# What's your favourite Vampire movie?



## Tabitha (Oct 30, 2002)

Do you have one?  I think I love the vampire sub-genre quite a lot.  There aren't many that I have seen that I didn't like.  From the profound (Shadow of the Vampire) to the inane (Buffy the Vampire Slayer), I love em all.


----------



## angelle myst (Nov 1, 2002)

Well, i've only seen three of those movies, probably the most well known - Interview With The Vampire, Buffy The Vampire Slayer movie and Blade. And i have to say they're all my favs!
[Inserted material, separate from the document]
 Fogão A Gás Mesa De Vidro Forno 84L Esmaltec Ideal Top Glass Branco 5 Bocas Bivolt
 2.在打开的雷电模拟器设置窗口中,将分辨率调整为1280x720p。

All for different reasons of course, they're all so different that i cant decide which one i should pick?! I love the Buffy one for even giving Joss the idea for BtVS and its general hilariousness and lines that you just have to laugh at, or Interview With The Vampire for giving us so many hotties in one movie, lol, only joking (*cough*) but its a classic for so many reasons i dont have time to write down, and Blade because it brought the vampire legend to the modern era (maybe Buffy the series did that too?),  Wesley Snipes looks hot in leather and its generally a cool, engaging movie.
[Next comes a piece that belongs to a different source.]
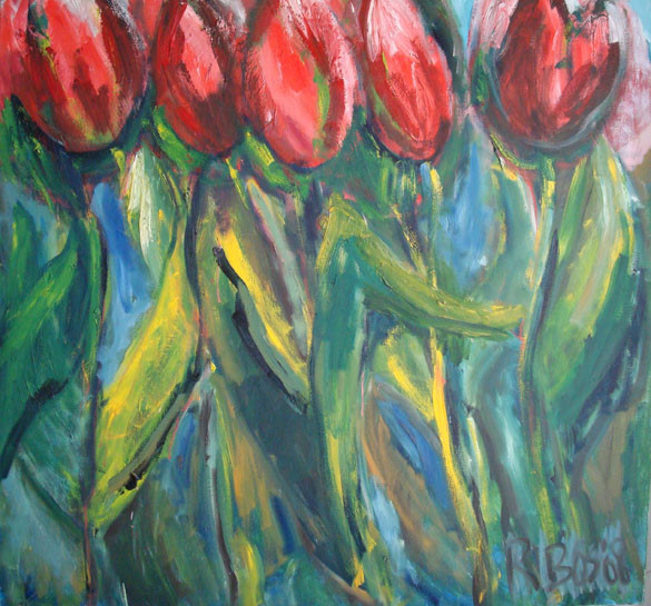 Tweeluik van rode tulpen
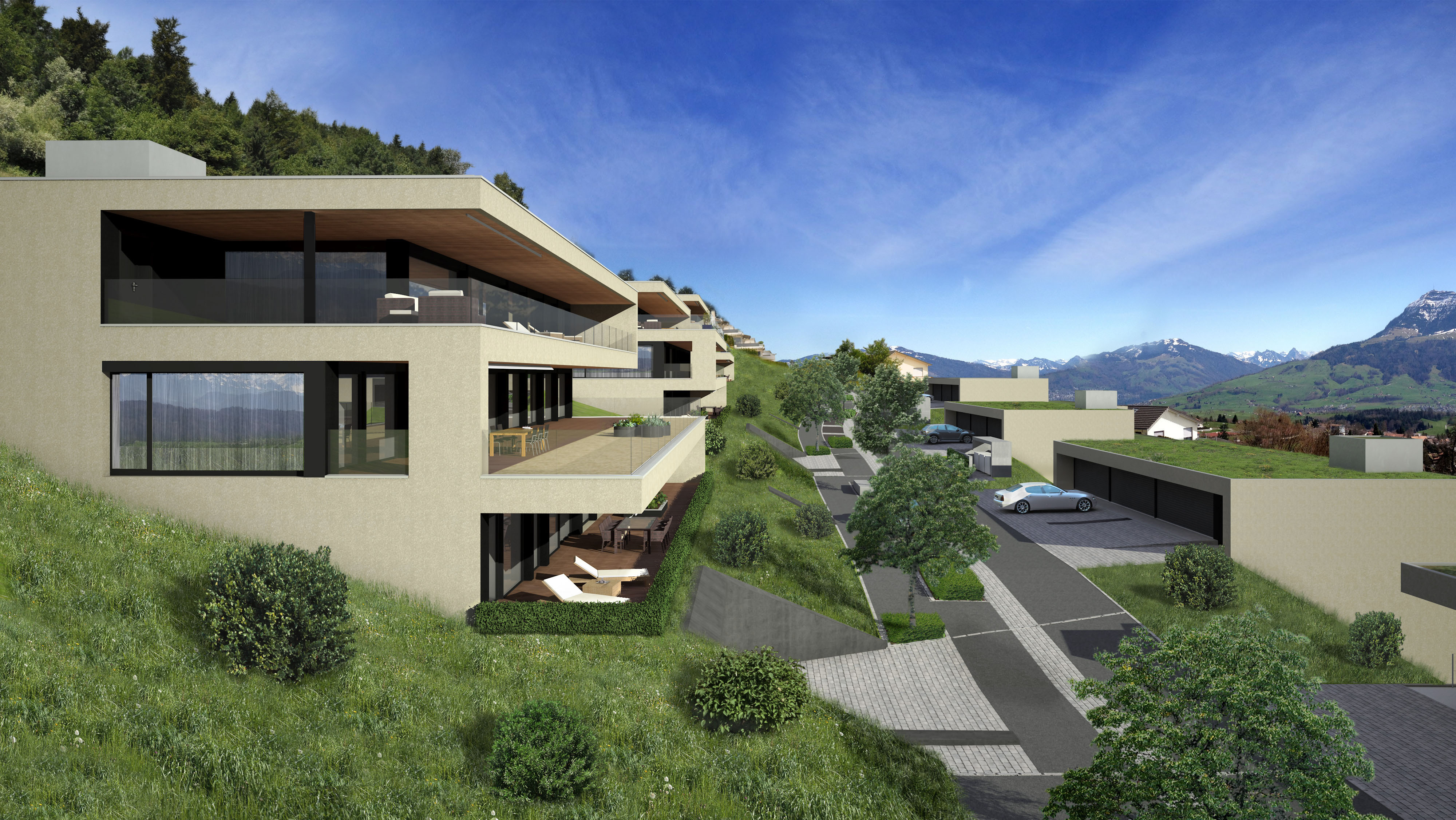 Sie erreichen Ihre Wohnung bequem und gut geschützt über das interne Treppenhaus mit dem Lift. Ohne Aussenzugänge orientiert sich die Gestaltung der Umgebungsflächen am ursprünglichen Hangverlauf. Dadurch geniessen Sie auf den sehr grosszügigen Terrassen neben einer atemberaubenden Aussicht auch ein Maximum an Privatsphäre. Die Wohnstrasse ohne Durchgangsverkehr wird durch Pflanzflächen, Belagswechsel und Fahrbahnverengungen zum Aufenthaltsbereich.

I'm gonna pick Interview With The Vamp cos it was the first vamp movie i ever saw and it got me interested in the whole blood-sucker, creature of the night thing 

xxx


----------



## Tabitha (Nov 1, 2002)

According to http://us.imdb.com/Title?0103893 Whedon was responsible for the movie too.  I read somewhere recently that his concept for the movie was dragged off-course by the studio, but I am not sure where or what the real context of that statement was.

Interview with the Vampire was wonderful - don't forget it also gave us Kirsten Dunst!  She was amazing as the child vampire Claudia.
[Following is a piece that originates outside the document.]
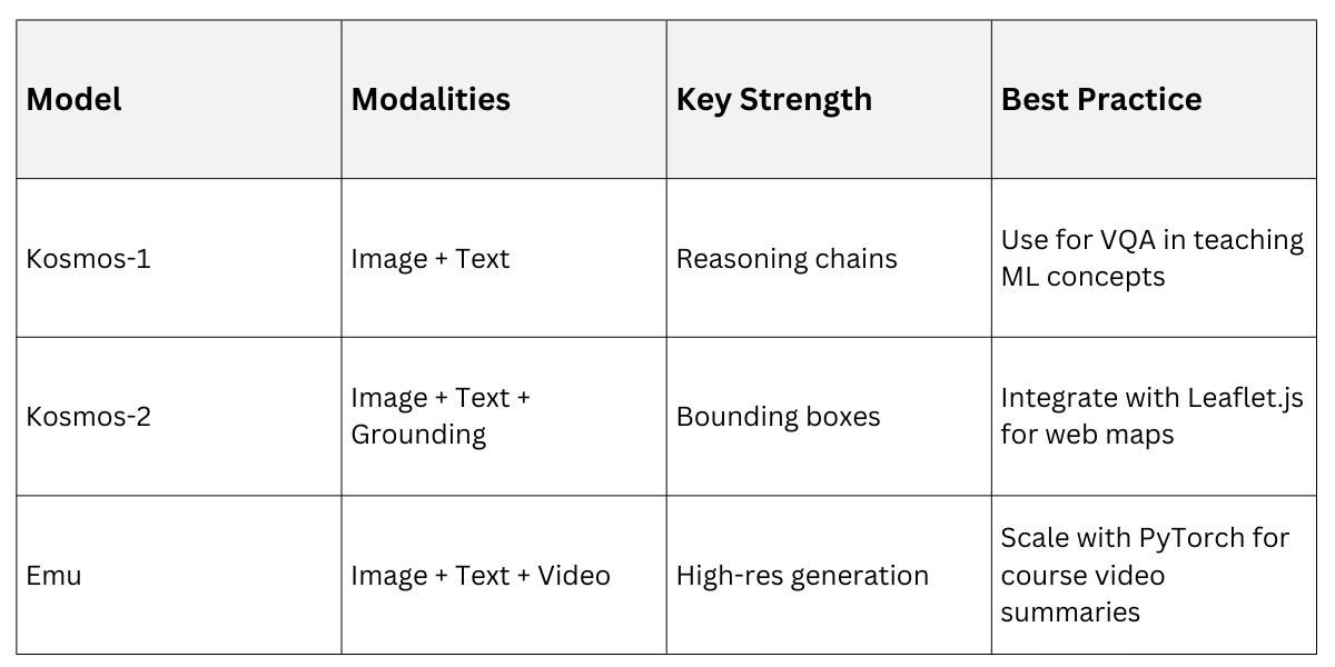 Kosmos-1 (Microsoft, 2023) and its successors like Kosmos-2 introduce grounding tokens to link text spans to image regions, enabling tasks like visual question answering (VQA) with precise localization.

I just realised I forgot From Dusk Till Dawn.  Now that's another good one...


----------



## angelle myst (Nov 2, 2002)

Oh yeah with George Clooney! I actually really like that movie  its funny in a freaky sort of way 

Yeah i think it was Joss's script but that whoever directed it etc massacred it. I actually loved the movie lol, the acting was so cheesy you had to love it 

xxx


----------



## sweetbabe (Nov 2, 2002)

interview with the vampire is deffinitly my fave  its veryyyyy good  :rolly2:


----------



## Krystal (Nov 3, 2002)

I vote for Interview with The Vampire, love it specially because I love all the Anne Rice's books and it was good to see my favorite vampire Lestat portray in a movie.   I haven't see Queen of The Dammed yet, probably this month. And my second favorite is not on the list but is John Carpenter's Vampires, totally love it specially because have one of my favorite actors in it, Thomas Ian Griffith.  And have to say my third favorite of the list would have to be Blade.  

Krystal


----------



## Tabitha (Nov 3, 2002)

//added John Carpenter's Vampires.


----------



## tabuno (Nov 5, 2002)

*1977 Television Version The Best*

PBS offered a 3-part Dracula version starring Louis Jourdan produced in 1977 that for me was the best vampire movie of all time because it followed Bram Stoker's novel closely and it had the feel, the period, the acting just right to evoke the true nature of Dracula.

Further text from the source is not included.